"Народ мой" №20, 31.10.2002 - "Некуда" №10, октябрь 2002

СОШЕСТВИЕ В БЕЗДНУ,
или “ИЗБРАННИК” ПАВЛА МЕЙЛАХСА

     В одной из бесед с Соломоном Волковым, Бродский, обсуждая поэзию Фроста, сказал, что, по его мнению, американская публика так и не поняла своего классика, ибо его стихи должны вызывать страх, а не аплодисменты. Негласное звание “американского поэта № 1” Фросту присудили те, кто его... не прочел. Хвалебные отзывы критиков, трёп об истинно американском оптимизме поэта и т. д. – всё исходило от непонимания того концентрированного одиночества и боли, свойственного фростовскому мировосприятию. Если вдуматься, “случай Фроста” в литературе не единичен: нечто подобное происходило всегда.
     После знакомства с книгой Павла Мейлахса “Избранник”, у меня возникло ощущение, что истории суждено повториться. Мейлахса, скорее всего не прочтут. Просматривая рекламного характера аннотацию, тиснутую, для привлечения покупателя прямо на обложке, с суеверным ужасом увидел: “на петербургском литературном небосклоне зажглась звезда первой величины”, и “откровенная, иступленная проза”, и что-то там еще. Вероятно, рецензент восхищался автором совершенно искренне, а не по долгу службы, но, тем не менее, я был неприятно удивлен. Создавалось впечатление, что писателя приняли за очередного самобичевателя, сумевшего оригинальным способом вывернуть себя наизнанку. В том, что это самобичевание тоже, по всей видимости, никто не усомнился – все, с кем мне довелось обсуждать “Избранника”, были уверены, что автор автобиографичен и его герои суть он сам. Поражало и то, что прочитавший говорил, подводя итог: “Получил огромное удовольствие!”
     Удовольствия тут не больше, чем от удара под дых, но ощущение это приходит после. Первое же, что поражает, захватывает тебя полностью, это не содержание, а форма. Ничего, на первый взгляд, оригинального: ни многоэтажных предложений в духе Толстого или Томаса Манна, ни нарочито кратких конструкций, эдакой скупости современной, ни избытка жаргонизмов. Текст как текст. Если попытаться определить стиль, то ничего, кроме реализма, честно говоря, в голову не приходит, но... Все дело именно в “но”, в той изюминке, что делает текст неповторимым. В подробностях. Любая страница, любой абзац переполнены деталями, впечатлениями, вспышками воспоминаний, и каждая из них – маленькое откровение.

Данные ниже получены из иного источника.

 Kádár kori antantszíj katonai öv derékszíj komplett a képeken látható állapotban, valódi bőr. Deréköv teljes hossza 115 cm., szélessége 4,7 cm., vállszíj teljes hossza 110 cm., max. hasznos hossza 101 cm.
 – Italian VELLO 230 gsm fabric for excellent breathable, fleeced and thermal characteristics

Каждая подробность сама по себе – история: архипелаг чернильных пятнышек на пальцах от шариковой ручки, ощущение меловой пыли на руке дежурного, стирающего с доски, позеленевшая пенопластовая крошка, болтающаяся у берега залива, жесткая фольга пробки на бутылке с дешевой водкой, чайная заварка, разлитая по кухонному столу. Каждая мелочь, как пароль, как условный сигнал, вызывающий в сознании читателя цепочку очень личных ассоциаций. Любая деталь кажется знакомой, любое переживание – своим. Кайф “узнавания себя”.

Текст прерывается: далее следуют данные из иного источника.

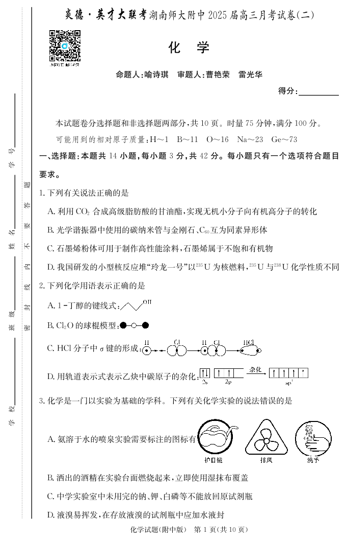 湖南师大附中2025届高三月考试卷(二) 化学
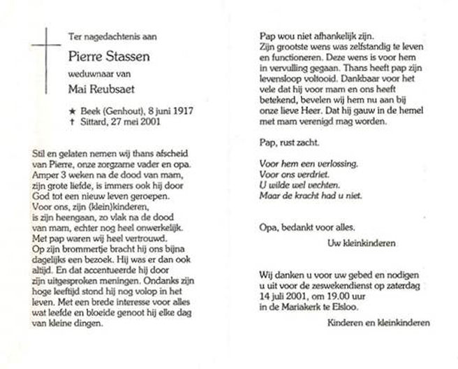 Piérre Mathieu Stassen echtgenoot van Maria Reubsaet.
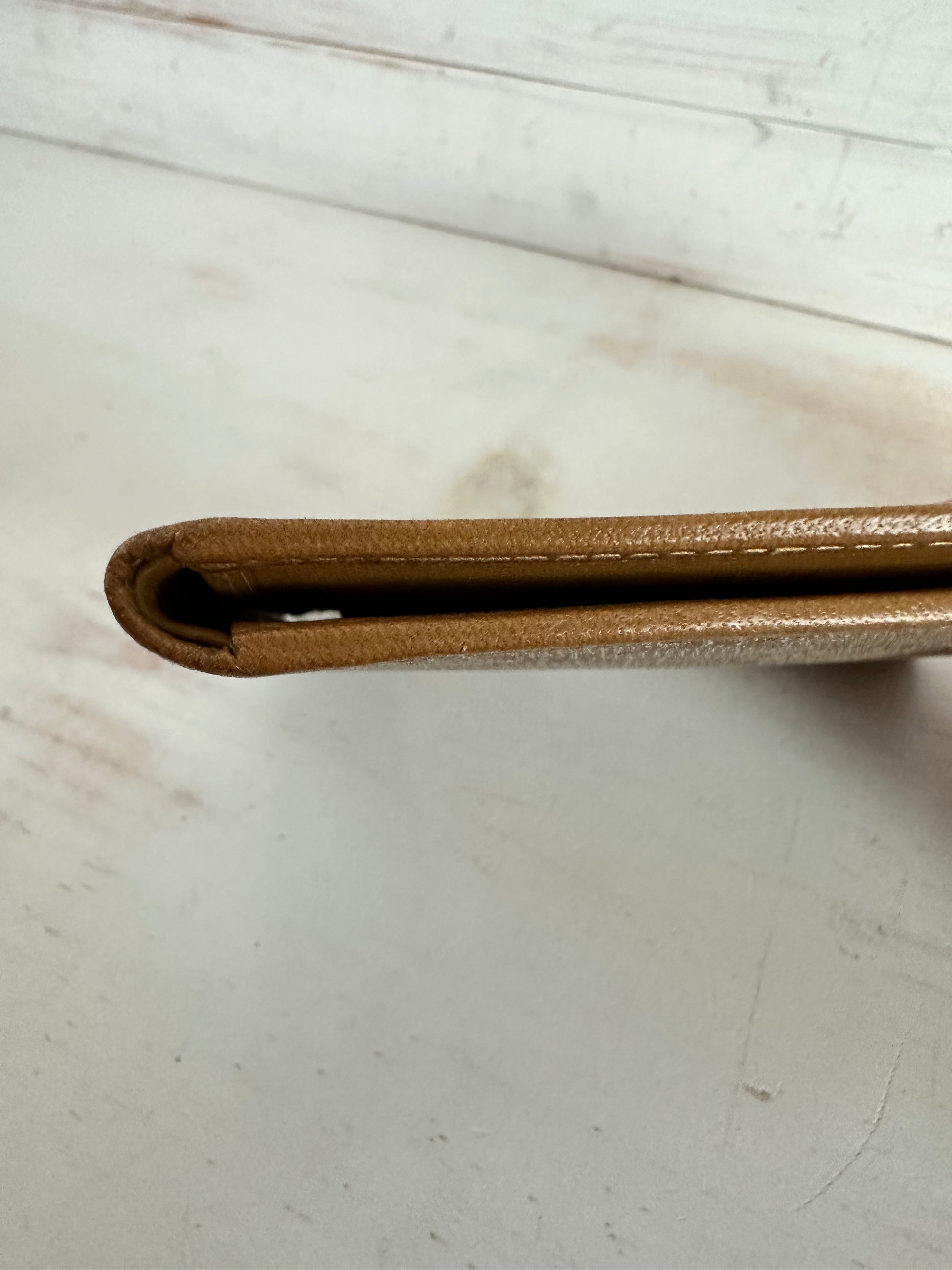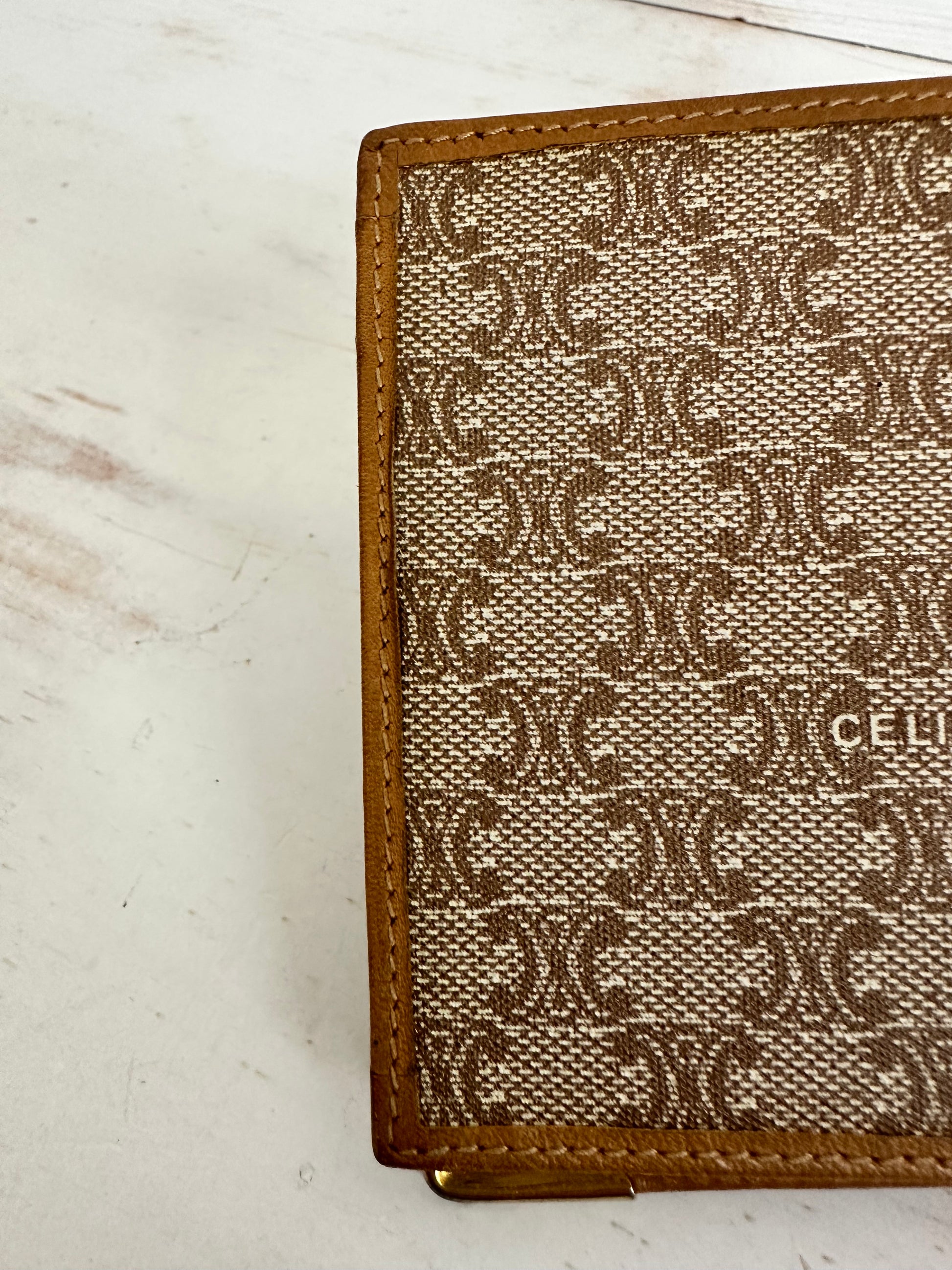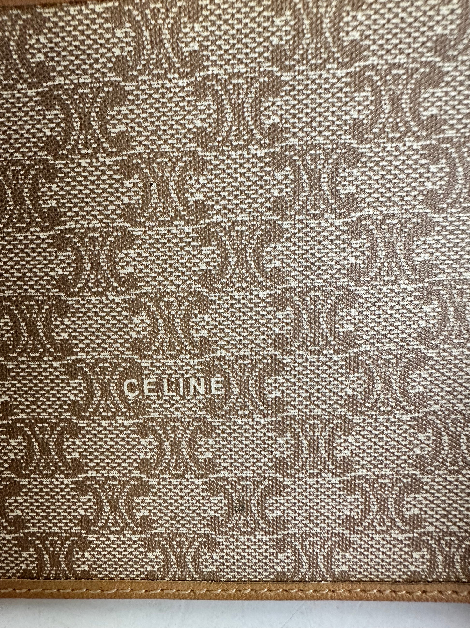 Celine Macadam Bifold Wallet. Coated brown canvas with leather trim and gold tone hardware on corners. Snap pocket closure is strong with clean coin pouch. Please note discoloration under coin flap. No peeling.

     Ветхая литература одарила нас образом “маленького человека”, советская – “социально сознательного” человека. Герой Мейлахса всегда конченый человек. Не важно, только ли вступает он в “большую жизнь”, как тринадцатилетний старшеклассник из повести “Придурок”, или разменивает четвертый десяток, он все равно обречен. Причем судьба обрекает его не на какие-то сверхъестественные муки, а всего лишь... на жизнь. На бытие-прозябание в данной шкуре, в данном мире, в данной реальности: “Жалею ли я о чем-нибудь? Нет. Это и бессмысленно. Все равно все было бы примерно так же. Что я имею в виду? Быть президентом или бродягой – это то же самое? Для меня – да. Все равно – плоть, ткань существования, существования как такового, осталась бы точно такой же. Я ненавижу существование. Его ткань, плоть, не знаю, как еще сказать”. В общем, соловей – птица, роза – цветок, дуб – дерево, Россия – наше отечество, смерть неизбежна (знал Набоков, какие эпиграфы подбирать к своим романам!).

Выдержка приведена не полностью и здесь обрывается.